-- PROBLEM --
Every line of the material must be restated exactly, though not its pictures.

-- PROVIDED MATERIAL --

--------------------------------------------------

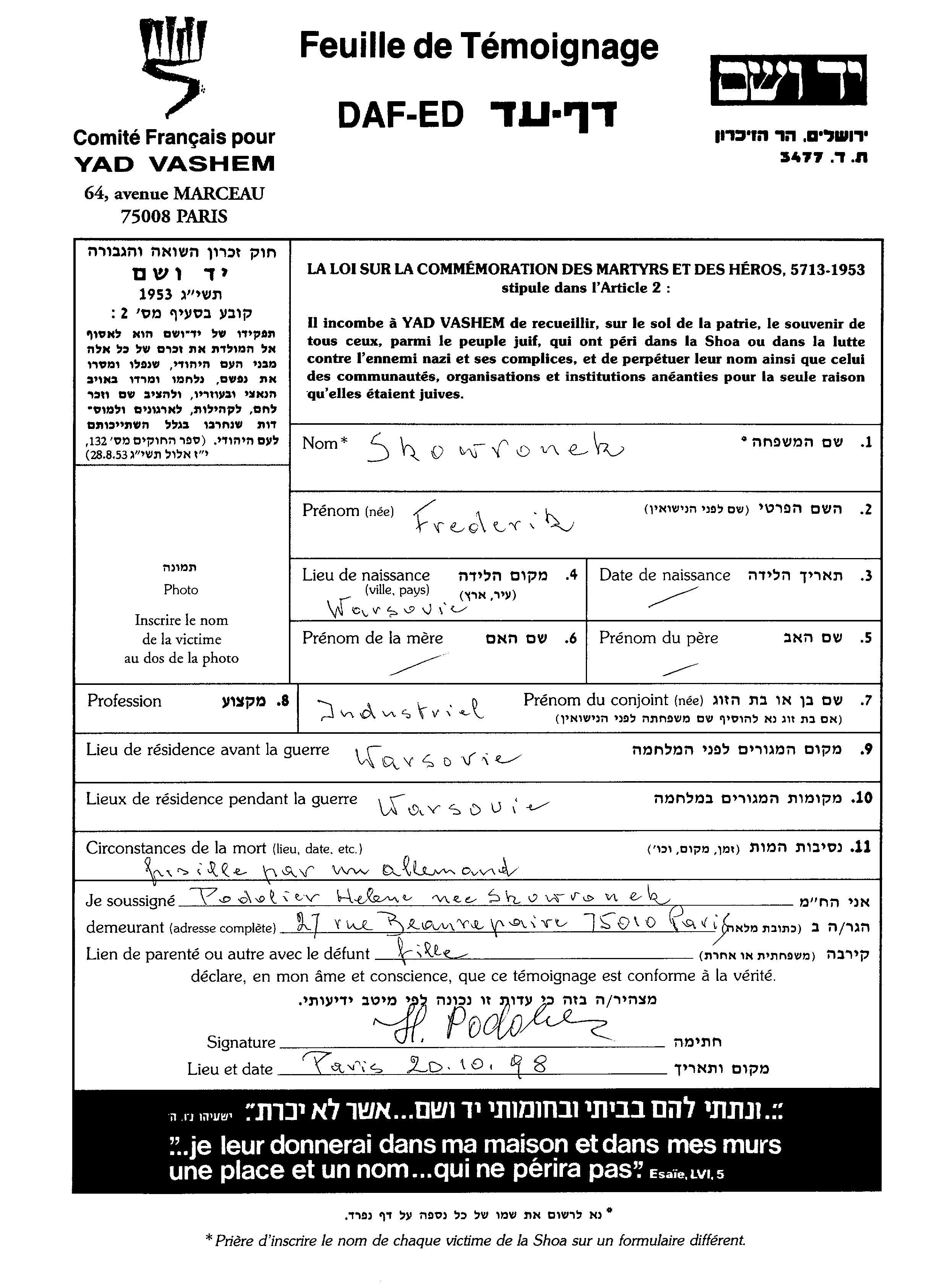Frederik Skowronek wurde in Warszawa, Polen geboren. Er war Fabrikant/-in und Verheiratet.
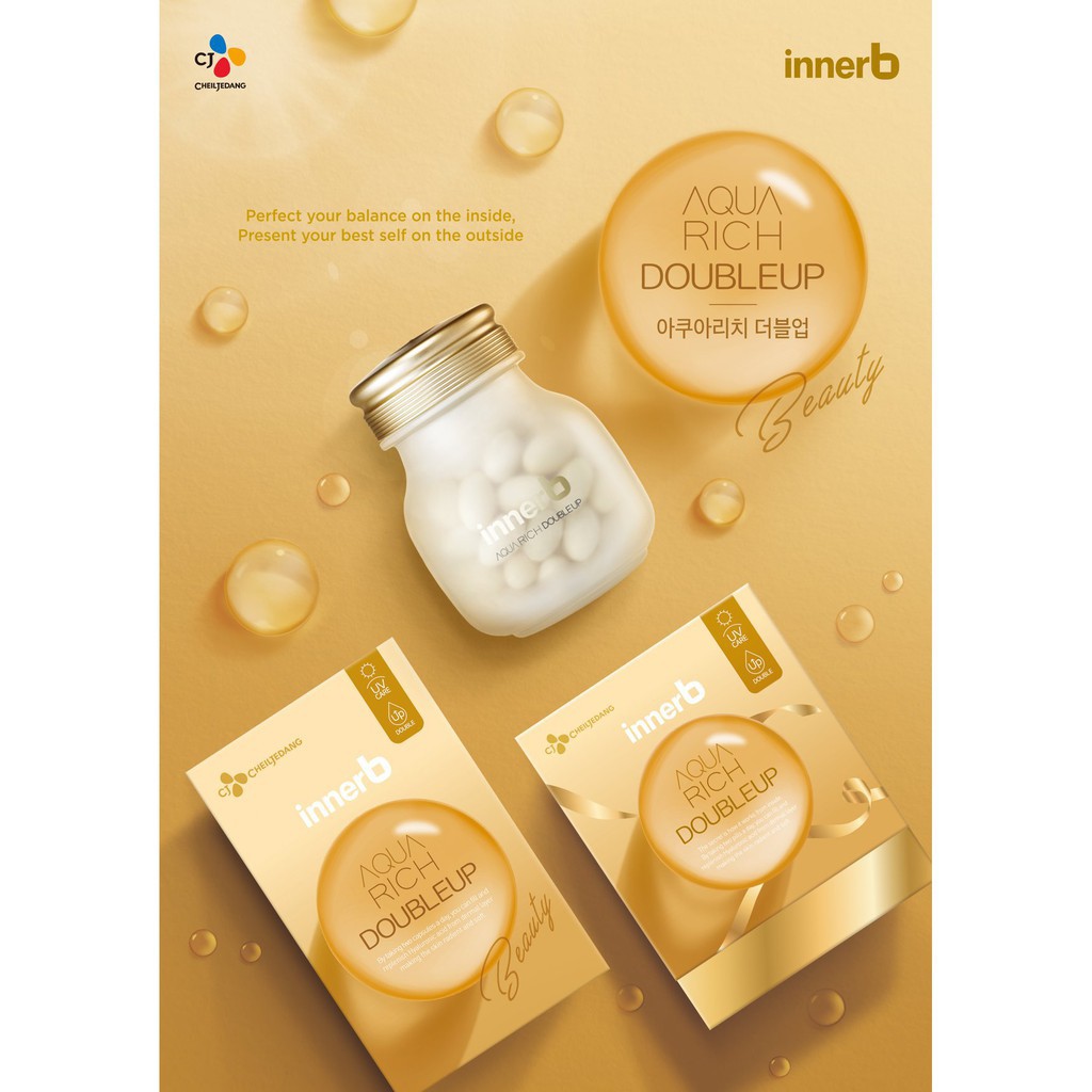 Thương hiệu: InnerXuất xứ thương hiệu: Hàn QuốcSản xuất tại: Hàn QuốcQuy cách đóng gói: Lọ 33.6g - 70 viên Dưới tác động từ môi trường, ánh nắng mặt trời càng trở nên độc hại với tia UVA và UVB gây ảnh hưởng trực tiếp tới sức khỏe và làn da. Lối sống bận rộn cũng khiến da dễ bị tổn thương, thô ráp, kém sức sống vì thiếu nước, thiếu ẩm, lão hóa sớm và xỉn màu. Với “phiên bản nâng cấp” của Aqua Rich, Aqua Rich Double Up chứa gấp đôi hàm lượng Hyaluronic Acid (240mg/ 2 viên), mang lại hiệu quả tối đa, không chỉ cấp nước, cấp ẩm mà còn hỗ trợ giúp da sáng mịn, bảo vệ da trước tác hại từ môi trường. Chỉ 2 viên Innerb Aqua Rich Double Up mỗi ngày cho làn da khỏe mạnh và sáng mịn trước tác hại của tia cực tím gây hại. Thành phần chính:- Hyaluronic acid 240mg: Đây là thành phần quan trọng nằm tại lớp trung bì của da, có khả năng giữ nước gấp 1000 lần trọng lượng của nó, có công dụng giúp giữ ẩm và mang đến làn da căng mượt, bóng mịn. Hàm lượng Hyaluronic acid bên trong cơ thể sẽ bị giảm đi đáng kể sau tuổi 30.Công dụng:- Bổ sung Hyaluronic Acid cho làn da- Giúp tăng độ ẩm cho làn da- Hỗ trợ da sáng mịn- Bảo vệ da trước ánh nắng mặt trờiĐối tượng sử dụng:- Người làm việc, tiếp xúc nhiều với ánh sáng mặt trời cần bảo vệ da- Người có nhu cầu làm đẹp daHướng dẫn sử dụng:- Sử dụng 2 viên/ngày với lượng nước vừa đủ.Hướng dẫn bảo quản:- Đậy kín nắp sản phẩm sau khi sử dụng.- Bảo quản ở nhiệt độ phòng - Tránh ánh nắng trực tiếp và những nơi gần nguồn nhiệt, ẩm mốc.- Tránh xa tầm tay của trẻ em.Lưu ý: - Không vượt quá liều khiếu cáo, giữ xa tầm tay trẻ em.- Không sử dụng sản phẩm khi mẫn cảm với bất kỳ thành phần nào của sản phẩm.- Phụ nữ mang thai và đang cho con bú, những người có thể trạng đặc biệt, bị dị ứng không nên sử dụng. - Nếu bị dị ứng với một số thành phần nhất định, phải kiểm tra tên nguyên liệu trước khi sử dụng. - Các viên nang có thể dính vào nhau khi bảo quản ở nhiệt độ cao.- Tuyệt đối không được ăn silica gel, một chất hút ẩm mạnh, vì đó không phải là chất dùng để ăn.- Không dùng sản phẩm nếu tem bảo vệ không nguyên vẹn. ***Khuyến cáo sản phẩm này không phải là thuốc và không có tác dụng thay thế thuốc chữa bệnh.THÔNG TIN THƯƠNG HIỆU:InnerB là thương hiệu trực thuộc CJ CheiJedang – công ty con củaTập đoàn CJ – chuyên sản xuất và kinh doanh mặt hàng thực phẩm bằng ứng dụng công nghệ sinh học. Kể từ khi được sáng lập vào năm 1953 và chính thức tách ra hoạt động độc lập năm 1993, CJ CheiJedang đã có những bước tiến vững chắc và luôn theo đuổi giá “first – best – different” - "Luôn tiên phong trong mọi khía cạnh với các sản phẩm khác biệt, có chất lượng tốt hàng đầu”. Hơn 60 năm qua, CJ CheilJedang không ngừng chú trọng đầu tư công nghệ, tìm kiếm các thành phần tự nhiên an toàn và có lợi cho sức khỏe, làn da của phái đẹp. Ra mắt vào tháng 05/2009 với sản phẩm đầu tiên là InnerB Aqua Bank (lọ màu hồng), từ đó đến nay, Innerb đã mang về cho CJ rất nhiều giải thưởng lớn và danh giá. Các sản phẩm từ InnerB giúp bổ sung độ ẩm, cung cấp Hyaluronic acid, collagen,... cải thiện và chăm sóc làn da từ sâu bên trong, mang đến cho bạn một làn da mịn mượt, căng mướt và khỏe mạnh.
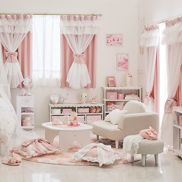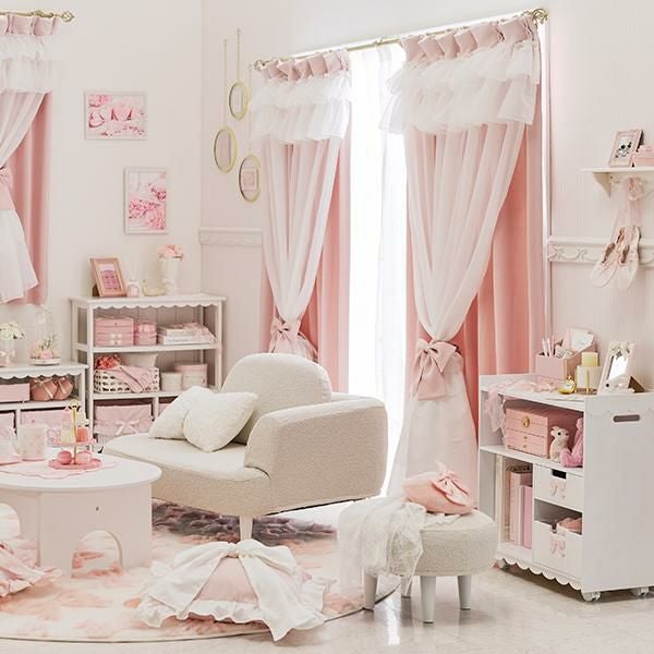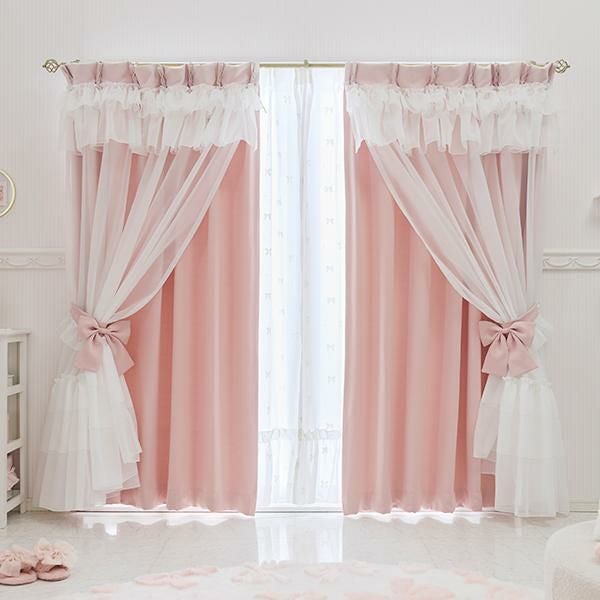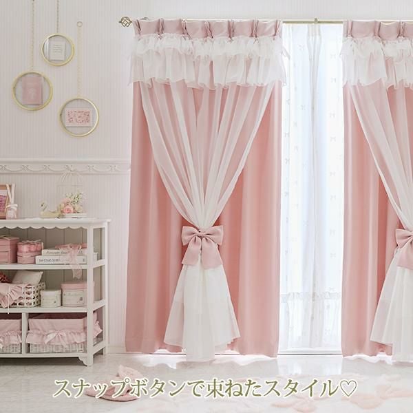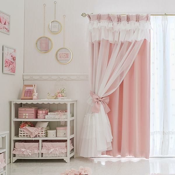 幾重にも重なるフリルとリボンが優雅に視線を集める、憧れのドレスのような遮光カーテン。窓辺に、気品あふれるお城のような彩りを♪

--------------------------------------------------

-- RESULT FOR THIS EXERCISE --
Frederik Skowronek wurde in Warszawa, Polen geboren. Er war Fabrikant/-in und Verheiratet.
 Thương hiệu: InnerXuất xứ thương hiệu: Hàn QuốcSản xuất tại: Hàn QuốcQuy cách đóng gói: Lọ 33.6g - 70 viên Dưới tác động từ môi trường, ánh nắng mặt trời càng trở nên độc hại với tia UVA và UVB gây ảnh hưởng trực tiếp tới sức khỏe và làn da. Lối sống bận rộn cũng khiến da dễ bị tổn thương, thô ráp, kém sức sống vì thiếu nước, thiếu ẩm, lão hóa sớm và xỉn màu. Với “phiên bản nâng cấp” của Aqua Rich, Aqua Rich Double Up chứa gấp đôi hàm lượng Hyaluronic Acid (240mg/ 2 viên), mang lại hiệu quả tối đa, không chỉ cấp nước, cấp ẩm mà còn hỗ trợ giúp da sáng mịn, bảo vệ da trước tác hại từ môi trường. Chỉ 2 viên Innerb Aqua Rich Double Up mỗi ngày cho làn da khỏe mạnh và sáng mịn trước tác hại của tia cực tím gây hại. Thành phần chính:- Hyaluronic acid 240mg: Đây là thành phần quan trọng nằm tại lớp trung bì của da, có khả năng giữ nước gấp 1000 lần trọng lượng của nó, có công dụng giúp giữ ẩm và mang đến làn da căng mượt, bóng mịn. Hàm lượng Hyaluronic acid bên trong cơ thể sẽ bị giảm đi đáng kể sau tuổi 30.Công dụng:- Bổ sung Hyaluronic Acid cho làn da- Giúp tăng độ ẩm cho làn da- Hỗ trợ da sáng mịn- Bảo vệ da trước ánh nắng mặt trờiĐối tượng sử dụng:- Người làm việc, tiếp xúc nhiều với ánh sáng mặt trời cần bảo vệ da- Người có nhu cầu làm đẹp daHướng dẫn sử dụng:- Sử dụng 2 viên/ngày với lượng nước vừa đủ.Hướng dẫn bảo quản:- Đậy kín nắp sản phẩm sau khi sử dụng.- Bảo quản ở nhiệt độ phòng - Tránh ánh nắng trực tiếp và những nơi gần nguồn nhiệt, ẩm mốc.- Tránh xa tầm tay của trẻ em.Lưu ý: - Không vượt quá liều khiếu cáo, giữ xa tầm tay trẻ em.- Không sử dụng sản phẩm khi mẫn cảm với bất kỳ thành phần nào của sản phẩm.- Phụ nữ mang thai và đang cho con bú, những người có thể trạng đặc biệt, bị dị ứng không nên sử dụng. - Nếu bị dị ứng với một số thành phần nhất định, phải kiểm tra tên nguyên liệu trước khi sử dụng. - Các viên nang có thể dính vào nhau khi bảo quản ở nhiệt độ cao.- Tuyệt đối không được ăn silica gel, một chất hút ẩm mạnh, vì đó không phải là chất dùng để ăn.- Không dùng sản phẩm nếu tem bảo vệ không nguyên vẹn. ***Khuyến cáo sản phẩm này không phải là thuốc và không có tác dụng thay thế thuốc chữa bệnh.THÔNG TIN THƯƠNG HIỆU:InnerB là thương hiệu trực thuộc CJ CheiJedang – công ty con củaTập đoàn CJ – chuyên sản xuất và kinh doanh mặt hàng thực phẩm bằng ứng dụng công nghệ sinh học. Kể từ khi được sáng lập vào năm 1953 và chính thức tách ra hoạt động độc lập năm 1993, CJ CheiJedang đã có những bước tiến vững chắc và luôn theo đuổi giá “first – best – different” - "Luôn tiên phong trong mọi khía cạnh với các sản phẩm khác biệt, có chất lượng tốt hàng đầu”. Hơn 60 năm qua, CJ CheilJedang không ngừng chú trọng đầu tư công nghệ, tìm kiếm các thành phần tự nhiên an toàn và có lợi cho sức khỏe, làn da của phái đẹp. Ra mắt vào tháng 05/2009 với sản phẩm đầu tiên là InnerB Aqua Bank (lọ màu hồng), từ đó đến nay, Innerb đã mang về cho CJ rất nhiều giải thưởng lớn và danh giá. Các sản phẩm từ InnerB giúp bổ sung độ ẩm, cung cấp Hyaluronic acid, collagen,... cải thiện và chăm sóc làn da từ sâu bên trong, mang đến cho bạn một làn da mịn mượt, căng mướt và khỏe mạnh.
 幾重にも重なるフリルとリボンが優雅に視線を集める、憧れのドレスのような遮光カーテン。窓辺に、気品あふれるお城のような彩りを♪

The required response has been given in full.